The company will conduct several drill stem tests in the prospective Upper and Lower Zorritos formations. The first DST will be conducted on the Lower Zorritos formation consisting of high permeability gas sands with limited quantities of mobile water. The second will be conducted in the bottom section of the Upper Zorritos formation. This second DST is targeting lesser quality sands with larger quantities of mobile water. A successful test could then help validate the vast majority of the prospective pay identified through petrophysical analyses. The third and final DST will be conducted in the top section of the Upper Zorritos. This section has highly permeable sands with no mobile water, thus representing potentially the best quality gas sands.

The company expects testing to take about 2 to 4 weeks. The tests are designed to provide the company and its independent reserve engineers with data on actual gas pay and well deliverability, leading to the quantification of reserves in the Corvina gas field.

Houston-based BPZ Energy is an oil and gas exploration and production company with properties in northwest Peru and southwest Ecuador.

Petroleum Place and Tristone restructure

Tristone Energy Services Inc. has reached an agreement to restructure its businesses. This involves the separation of its investment banking, corporate finance, capital markets, and energy asset acquisition and divestiture divisions, currently operating under the name of Tristone Capital, from its software, data and services, operating under the name of P2 Energy Solutions, and its property marketplace businesses, currently operating under the name of The Oil & Gas Asset Clearinghouse.

As part of the restructuring, the officers and employees of Tristone Capital will become the owners and operators of the investment banking, corporate finance, capital markets, and energy asset acquisition and divestiture businesses under a newly incorporated company known as Tristone Capital Global Inc. and will cease to be officers, employees, and shareholders of Tristone Energy Services.

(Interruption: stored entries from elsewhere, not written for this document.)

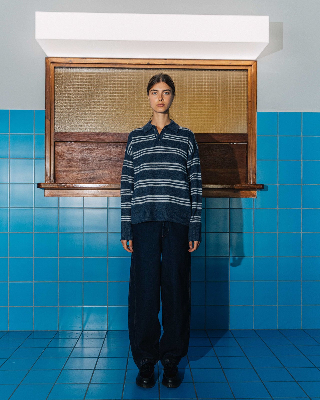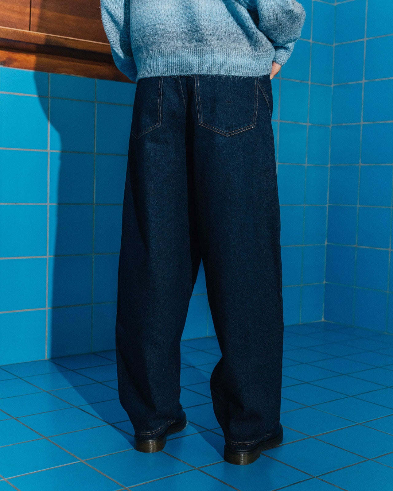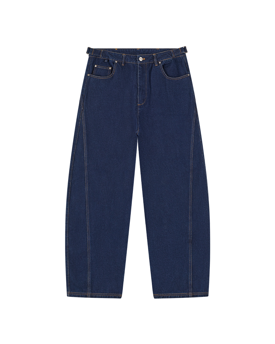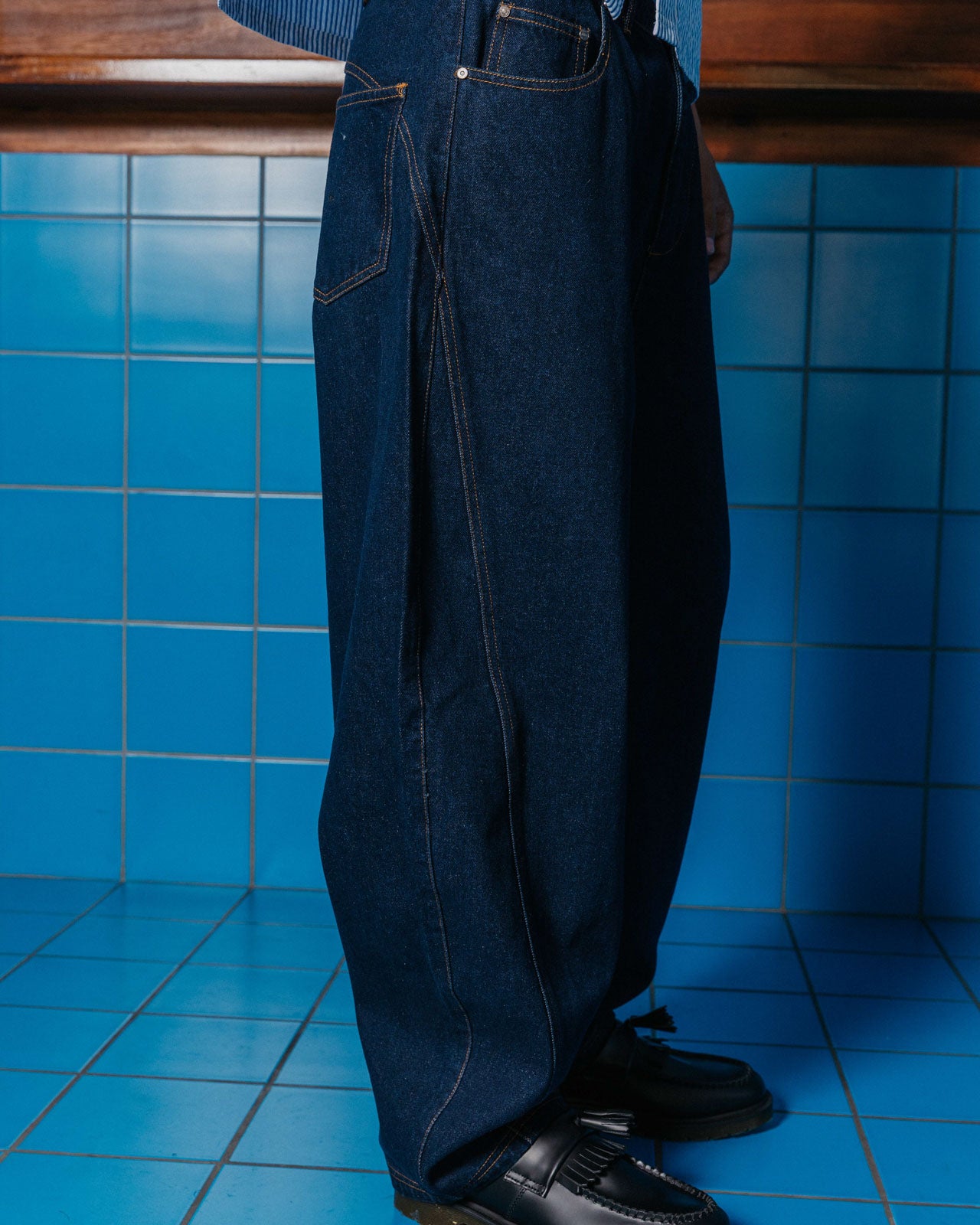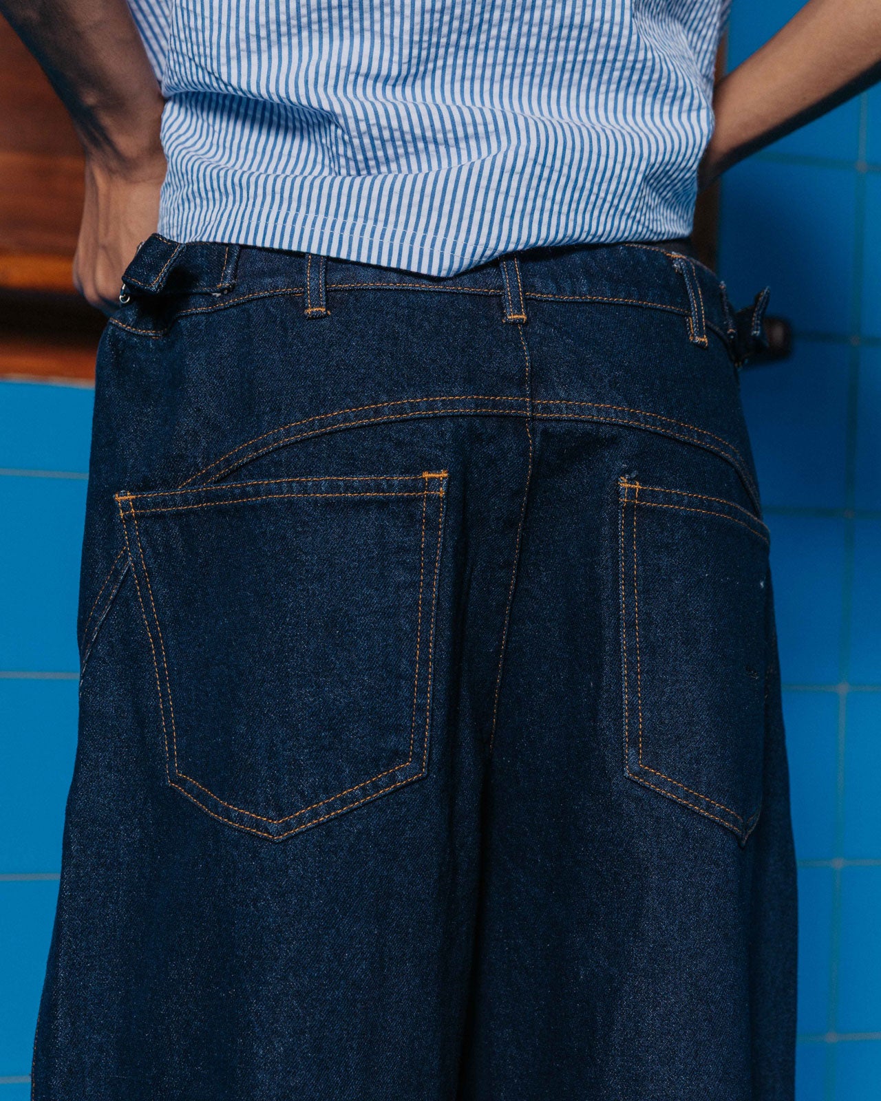 Meet Luka, our first barrel leg style. In a rich indigo denim with brown contrast stitching. Featuring curved seam details at the front and a curved yoke at the rear. With adjustable buckles on each side of the waistband, you can customise the fit to suit your look. The perfect meeting point between slouchy and structured.
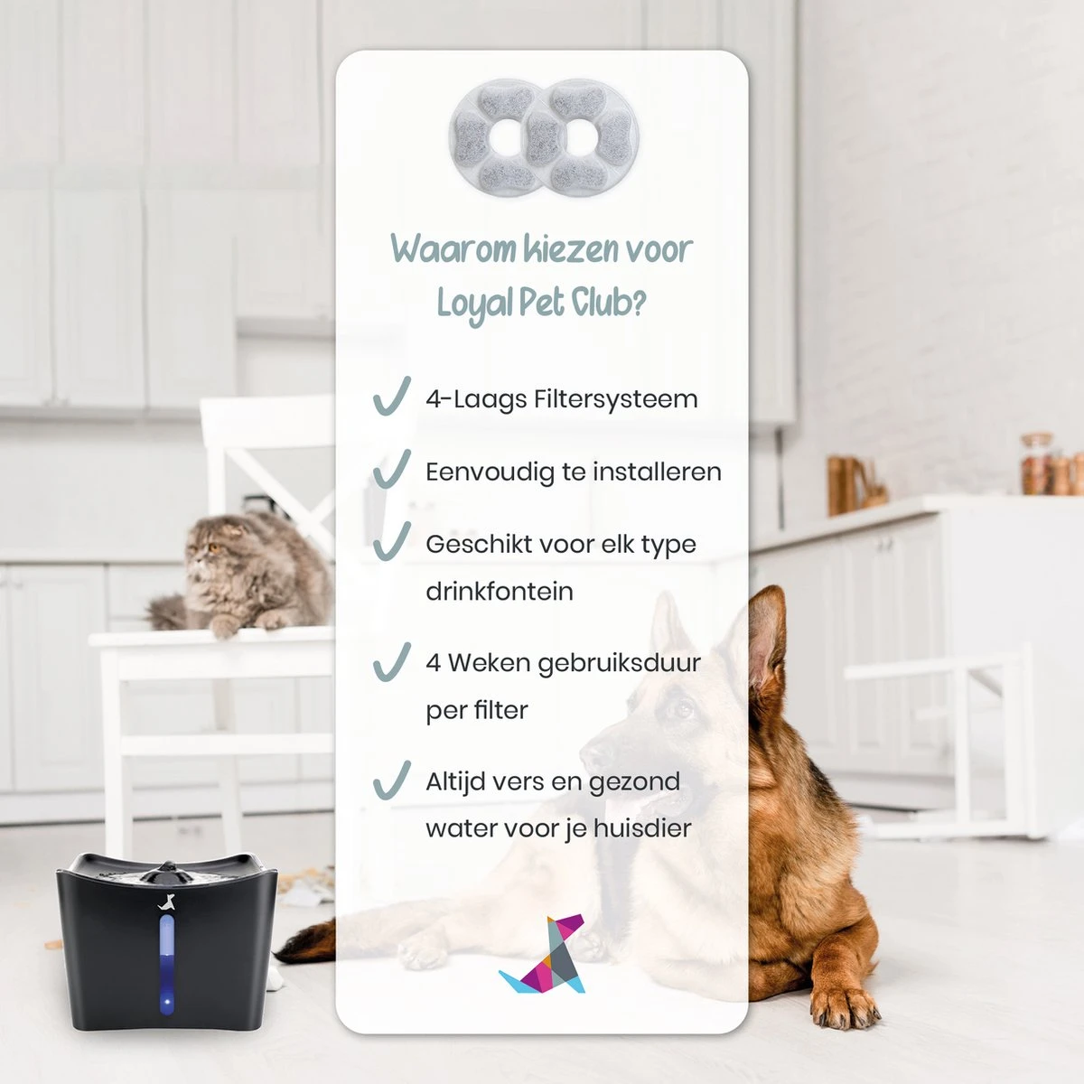De Loyalpetclub® drinkfontein navulling set bestaat uit 6 hoogwaardige koolstoffilters. Perfect! Met deze hoogwaardige koolstoffilters heeft je huisdier altijd schoon water, wordt viezigheid tot op het laatste stofje verwijderd en haal je het meeste uit jouw kattenfontein.
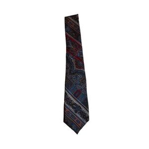 Vintage Oscar de la Renta tie in paisley with dark red, blue, gray hues. No visible tears or stains. Comes from smoke-free home.
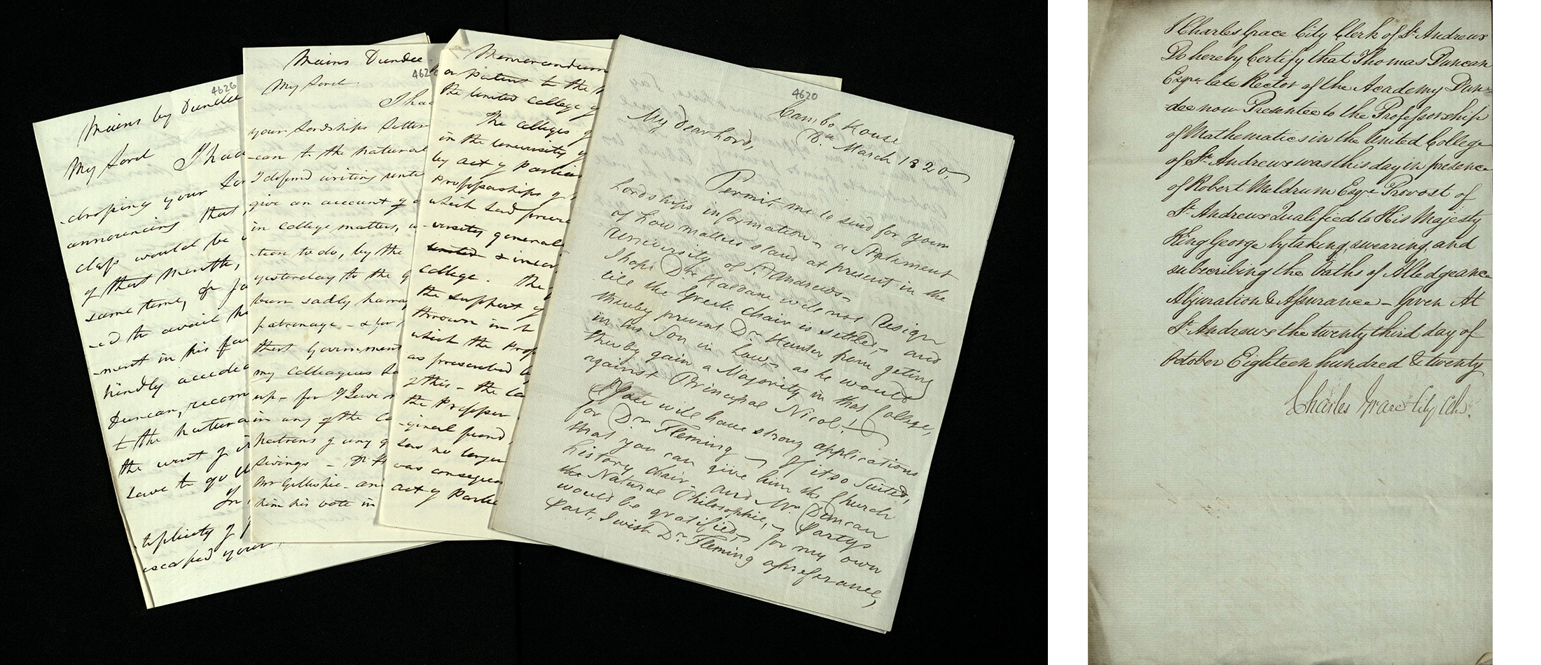 I was also able to find more records than I had expected: a class certificate he wrote out and signed in 1825, a notebook of his lectures attended by William Carmichael McIntosh, and best of all, two photographs of the man himself.
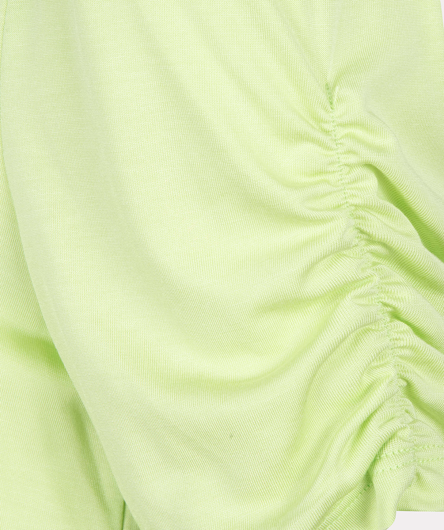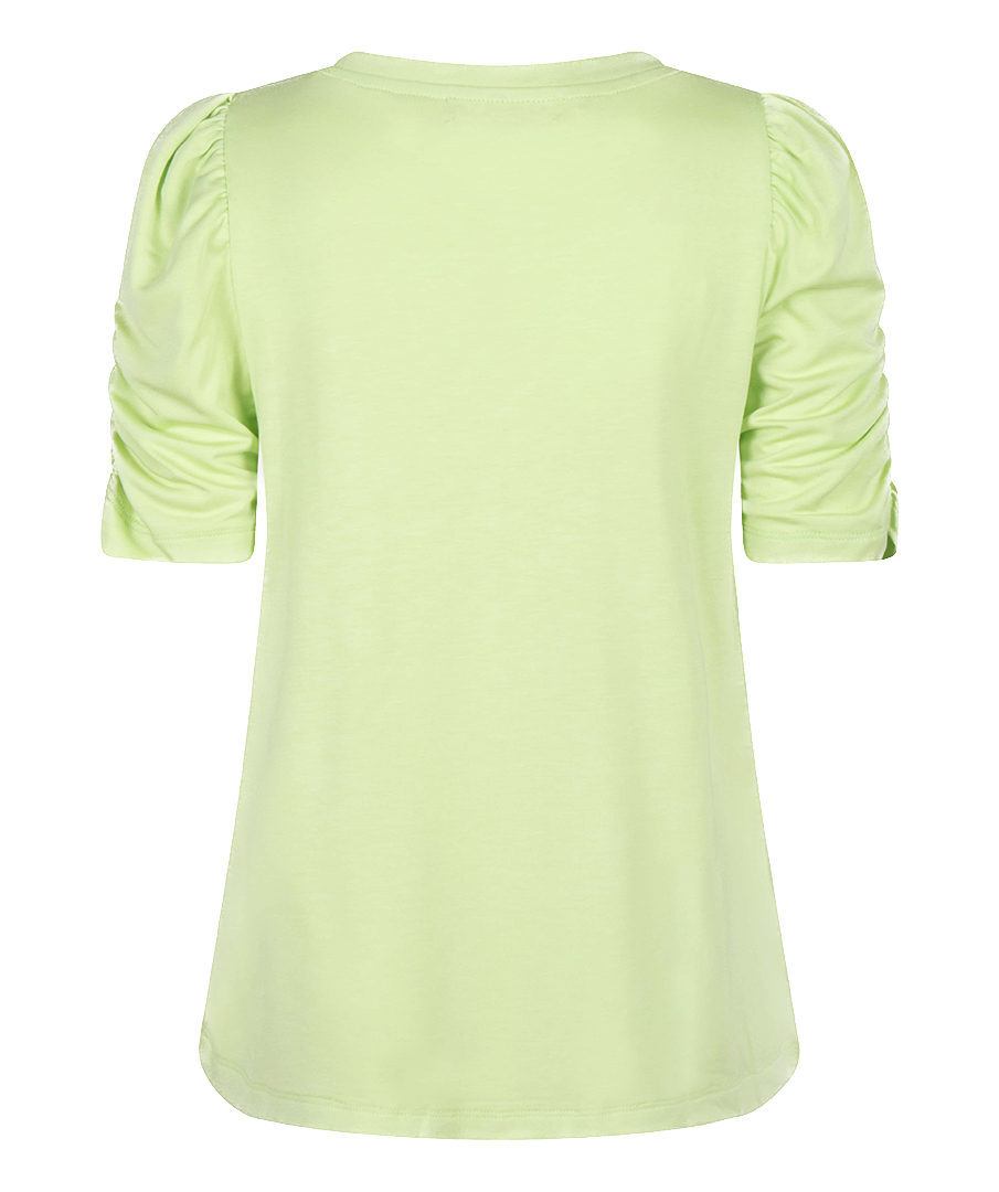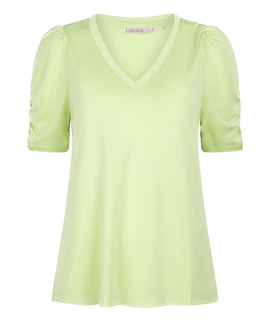 Comfortabele basistop met v-hals en gedrapeerd detail op de mouw. De top is gemaakt van 70% modal en 30% polyester.

P2 Energy Solutions and The Clearinghouse will continue under its current management. The parent company of these business units, Tristone Energy Services, will be renamed P2 Energy Services. Approximately 80% of the equity in P2 Energy Services equity ownership will thereafter be held by Petroleum Place and the balance substantially in the hands of the management of the businesses.

Ken Olive, president and CEO of The Clearinghouse said, “We are very pleased with the reorganization and believe this to be an extremely positive plan for our clients and shareholders. It enables each of our businesses to focus on the things that we do best. The completion of the spin-out of Tristone allows The Clearinghouse to refocus on our core businesses with emphasis on delivering the highest level of support to our customers by paying particular attention to the details of each asset.”

Tristone Capital Global will continue to offer global investment banking, corporate finance, capital markets, and energy asset acquisition and divestiture services to energy companies worldwide. Tristone Capital Global owns and operates Tristone Capital Inc.